The simulated or “mock” inspection idea was first developed by InterNACHI and is a membership requirement for new inspectors www.nachi.org/membership.htm
Accepting simulated inspections is only a step away from accepting virtual inspections www.nachi.org/advancedcourses.htm
Everyone should attend the meeting on August 7, 2008.
From my point of view one of the problems with this proposed “fine tuning” is that Module 5 work can be done only after Module 1-4 is finished.
Why do they not want to allow “simulated” (practice or mock, call them what you will) inspections during the training on Mods 1 - 4?
For example, part of Module 2 deals with electrical issues, as well as other interior concerns. Why cant the simulated inspection deal with that particular section? Not allowing the student to do so may be compared to not allowing a medical student contact with a patient until finishing all of med school, or, a chemistry major not being able to do any lab work until the end of his 4 years in college. Imagine a law student never writing a brief or experiencing a mock trial until graduation. By having simulated inspections dealing with what has recently been learned, it is similar to a hands on test that any of these professionals or even an apprentice trades person would do. The apprentice sparky works on electrical systems during training, not after completion of schooling. Apprentice carpenters, heavy equipment operators, plumbers - all the same.
This perceived “tweaking” of the state mandated course of instruction will, I believe, do little to turn out a better qualified student. In fact, it may work in the opposite.
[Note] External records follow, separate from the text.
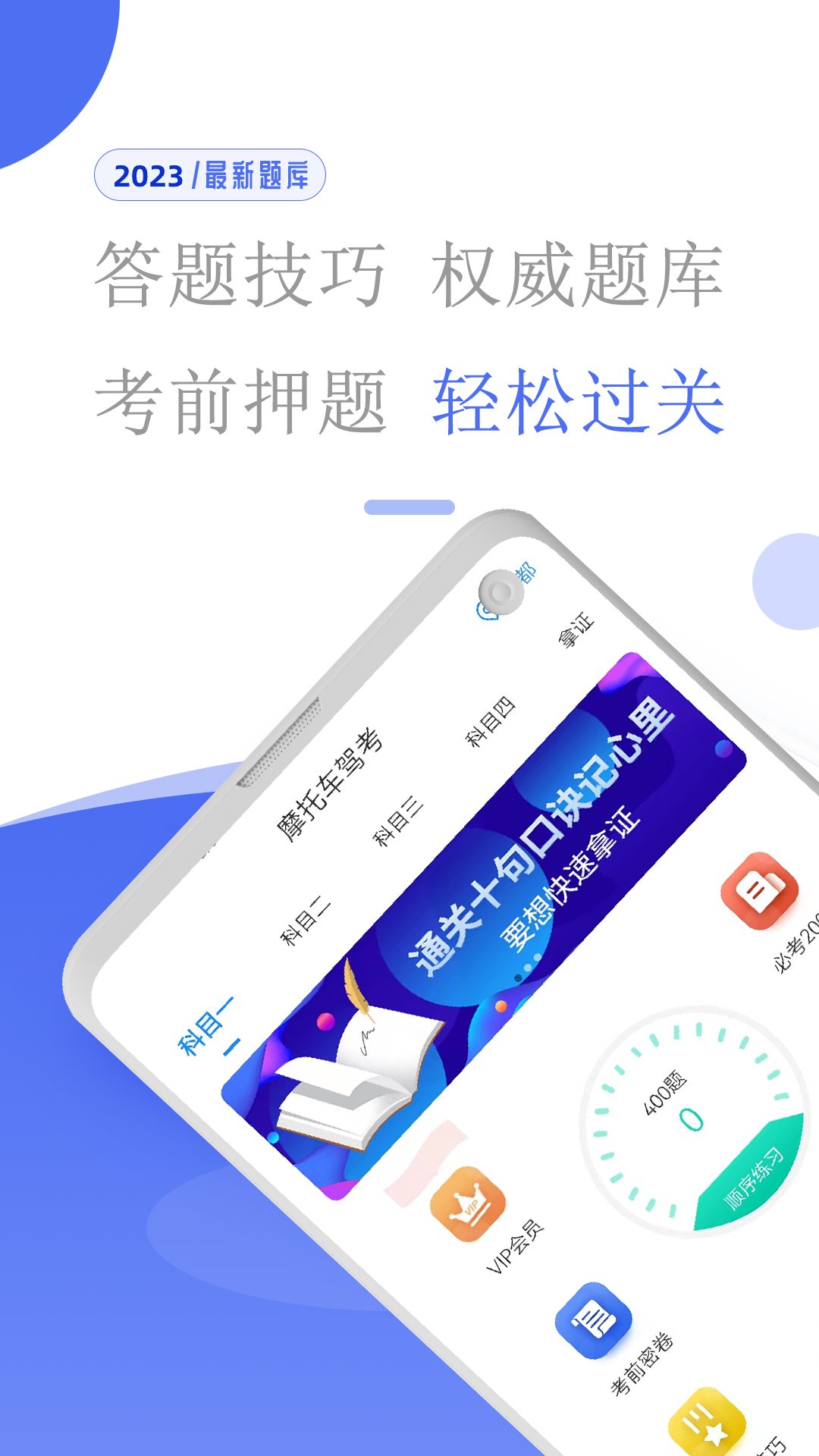 考摩托车驾驶证的知识,仿真模拟考试。 电动摩托车,两轮摩托车,三轮摩托车考证助手。 摩托车驾考题库是学车全网实时更新的DEF驾驶证考试题库! 摩托车驾照考试就用摩托车驾考题库!学开车的驾考学习助手! 摩托车驾考学员、小车驾考学员强烈推荐! 学车必备驾考,自此摩托车驾考题库,轻松拿驾照。 全新题库:全网题库实时更新D证,E证,F证 丰富做题模式:各种练习和答题模式,深入浅出有效的帮助学员快速学习驾考理论与实操。 【全新题库】全网题库实时更新 【做题模式丰富】丰富的做题模式学习更轻松 【专题练习】题型分类,巩固学习,精准突破 【错题库】自动统计练习错题,针对性巩固练习模拟考试,难题易错题一网打进 【收藏夹】可以在练习过程中自行收入题目到收藏夹,形成自己的小题库,提高通过率 【离线做题】学习不用互联网,速度快 【四天通关】四天专项通关练习 【答题技巧】精简答题技巧,做题不再出错 【实战模拟】超逼真的模拟测验 【多种字体】可调整题目字体大小 注:题目如有错漏之处,希望大家不惜赐教,多多包涵,反馈给小编实时改正。
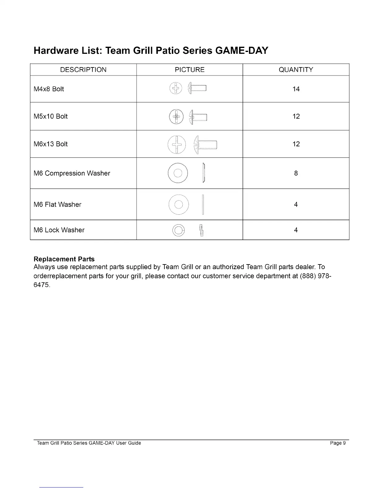Team Grill pgd - Hardware List: Team Grill Patio Series GAME-DAY
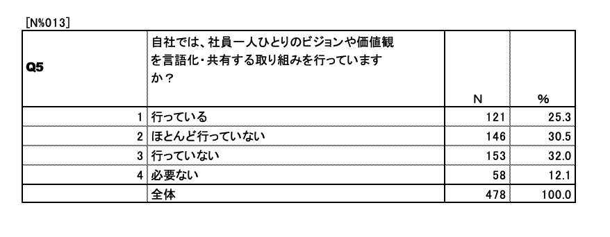その一方で、「社員一人ひとりのビジョンを把握しているか」「理念と個人の価値観をすり合わせる取り組みを行っているか」といった実態に関する設問では、「実施している」と回答した割合は約25%にとどまりました。
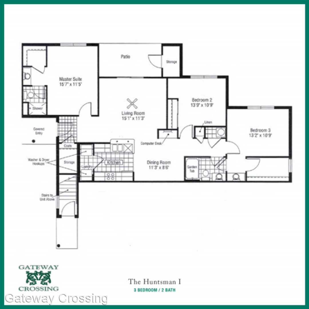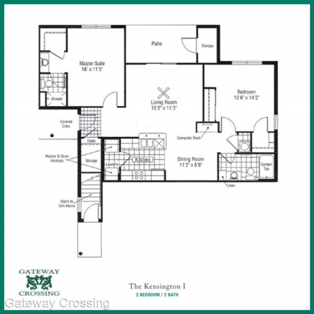 Kensington I Floorplan - This 2 bedroom apartment, the “Kensington I,” features 1,120 square feet! The private entry to the apartment is through a beautifully landscaped and lighted courtyard. The apartment’s entry features tile flooring and a huge coat/storage closet. The apartment’s living room is very spacious with room for a full size couch, love seat or chair, coffee table, and entertainment center. The living room includes two separate cable connections for convenience as well as a ceiling fan. Off of the living room is a private 13 x 7 patio with 7 x 3 storage closet. The apartment has an open concept with the living room, kitchen, and dining room all being open to each other, creating a great space for entertaining. The kitchen is perfect with oak cabinetry and newer appliances including a built-in microwave, dishwasher, stove and refrigerator. Attached to the kitchen is a full size washer/dryer connection. On the opposite side of the kitchen is a dining room with chair rail and room for a table for six. In the hallway is a built-in computer desk. This 2 bedroom apartment has two very large bedrooms. The first bedroom, in the front of the apartment, is huge! This bedroom will not only accommodate a king size bed, but will accommodate the king size furniture to go along with it. This bedroom also has its own private bathroom with full size shower. The second bedroom is on the opposite side of the apartment. This bedroom has room for a king size bed, dresser, and it includes two full size closets (one a walk-in)! Across the hall from this bedroom is another full bathroom with garden tub and linen closet. What a great apartment!
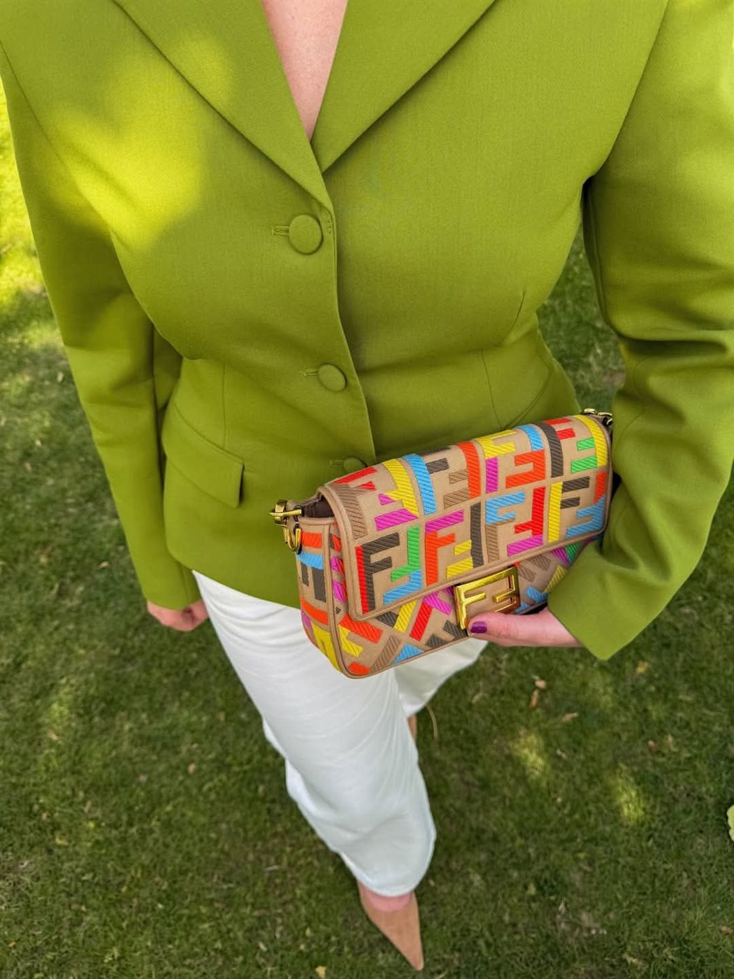 وأكملت اطلالتها بحقيبة متعددة الألوان من دار Fendi، والتي منحت اللوك لمسة مرحة وعصرية، وكسرت حدة الألوان الموحدة بأسلوب ذكي يعكس جرأة مدروسة.
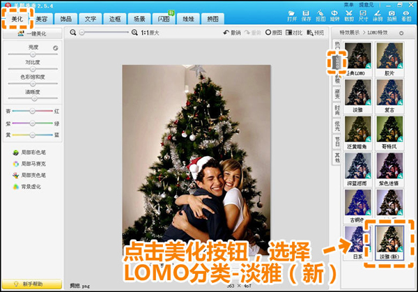 1.在“美图秀秀”软件下打开待处理的情侣合影,进入“美化”菜单下,选择lomo分类-淡雅(新),可以瞬间调节画面的色调和亮度。
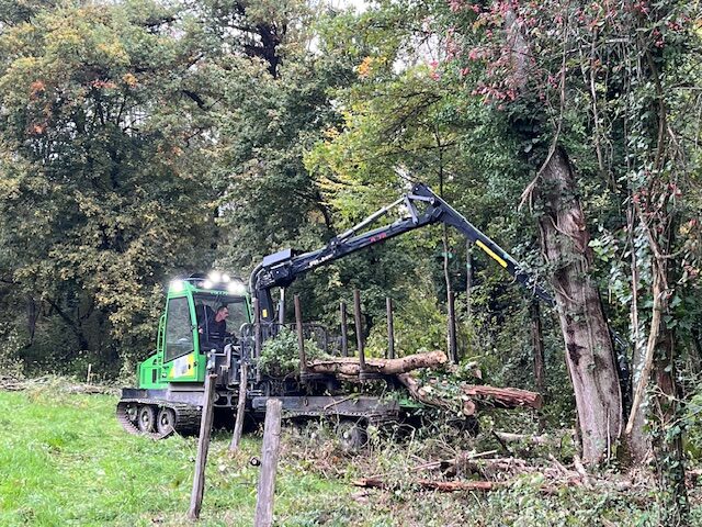 La Fondation Officielle de la Jeunesse (FOJ) est venue faire du débardage avec des chevaux afin de dégager les troncs gênants sur le cours d’eau et le chemin.
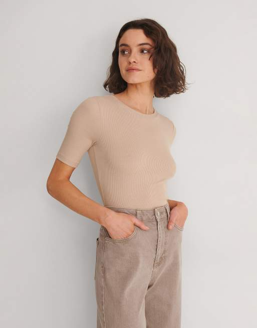 NA-KD – Prążkowany beżowy T-shirt o obcisłym kroju z okrągłym dekoltem
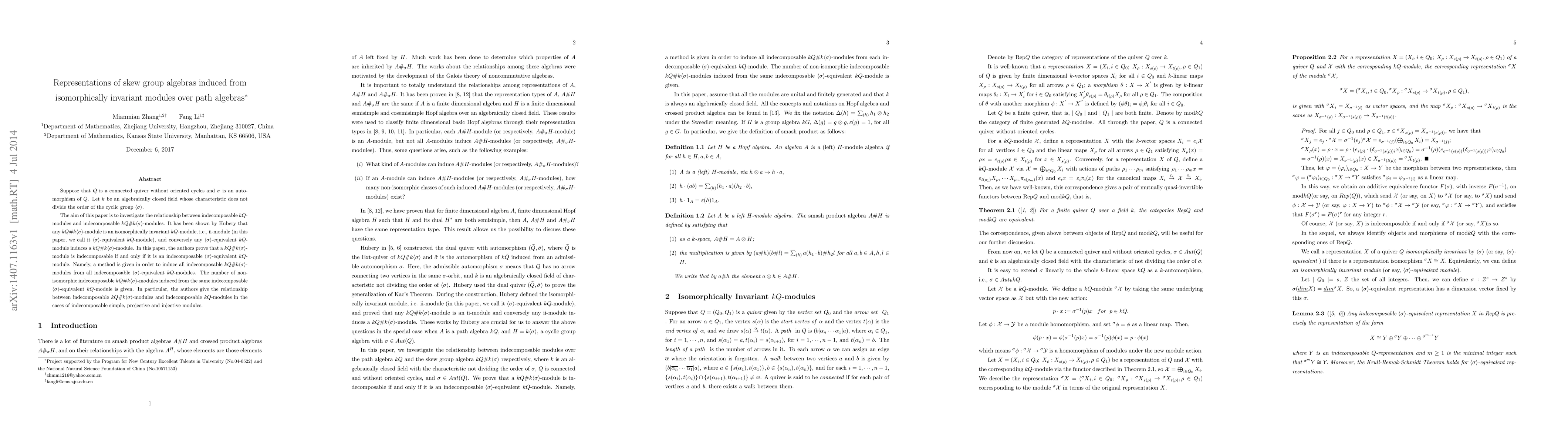 Suppose that $Q$ is a connected quiver without oriented cycles and $\sigma$ is an automorphism of $Q$. Let $k$ be an algebraically closed field whose characteristic does not divide the order of the cyclic group $\langle\sigma\rangle$. The aim of this paper is to investigate the relationship between indecomposable $kQ$-modules and indecomposable $kQ\#k\langle\sigma\rangle$-modules. It has been shown by Hubery that any $kQ\#k\langle\sigma\rangle$-module is an isomorphically invariant $kQ$-module, i.e., ii-module (in this paper, we call it $\langle\sigma\rangle$-equivalent $kQ$-module), and conversely any $\langle\sigma\rangle$-equivalent $kQ$-module induces a $kQ\#k\langle\sigma\rangle$-module. In this paper, the authors prove that a $kQ\#k\langle\sigma\rangle$-module is indecomposable if and only if it is an indecomposable $\langle\sigma\rangle$-equivalent $kQ$-module. Namely, a method is given in order to induce all indecomposable $kQ\#k\langle\sigma\rangle$-modules from all indecomposable $\langle\sigma\rangle$-equivalent $kQ$-modules. The number of non-isomorphic indecomposable $kQ\#k\langle\sigma\rangle$-modules induced from the same indecomposable $\langle\sigma\rangle$-equivalent $kQ$-module is given. In particular, the authors give the relationship between indecomposable $kQ\#k\langle\sigma\rangle$-modules and indecomposable $kQ$-modules in the cases of indecomposable simple, projective and injective modules.

Yes, please do turn out at the meeting on 7 August.
Voice your opinion on these issues. The law in NY State was established to “protect the public”. I believe what the members of the advisory council propose will actually be contrary to that goal. If we want well qualified people entering the field and eventually replacing us as we retire the council and counsel needs the input from practicing, full time, experienced inspectors
This opinion is based on my experience instructing students for home inspection licensing over the past year at CATS of ALBANY where I am Senior Instructor. CATS of Albany is a New York State approved Home Inspector Training and Continuing Education facility.
I believe this amendment is aimed at stopping the requirement of having schools mandated to offer Module 5 as a part of the HI program. Currently, its is a requirement. Personally, it seems to be aimed at the operation of one school I can think of.
I support the current requirement disallowing Module 5 until after all other modules are completed.
The purpose of modue 5 is to test the competency and readiness of course graduates. Having a student perform a mock inspection of components covered in any particular module might be beneficial, to a point.
It will not, however, meet the requirements of the law, which is pretty specific.
To the notion of “virtual” inspections, I believe it will never fly in NY State. A virtual inspection may be of some use in an advanced course, to exercise someones ability to identify and describe a photographed defect. But, we all know that there is nothing like performing an actual inspection, where all senses are relied upon by the inspector. This is of paramount importance for the brand new graduate.
I speak from experience, as lead HI instructor for the past 2 years for Bill Merrell and the Merrell Institute, where I have taught hundreds of qualifying and CE credit-hours for HIs around NY.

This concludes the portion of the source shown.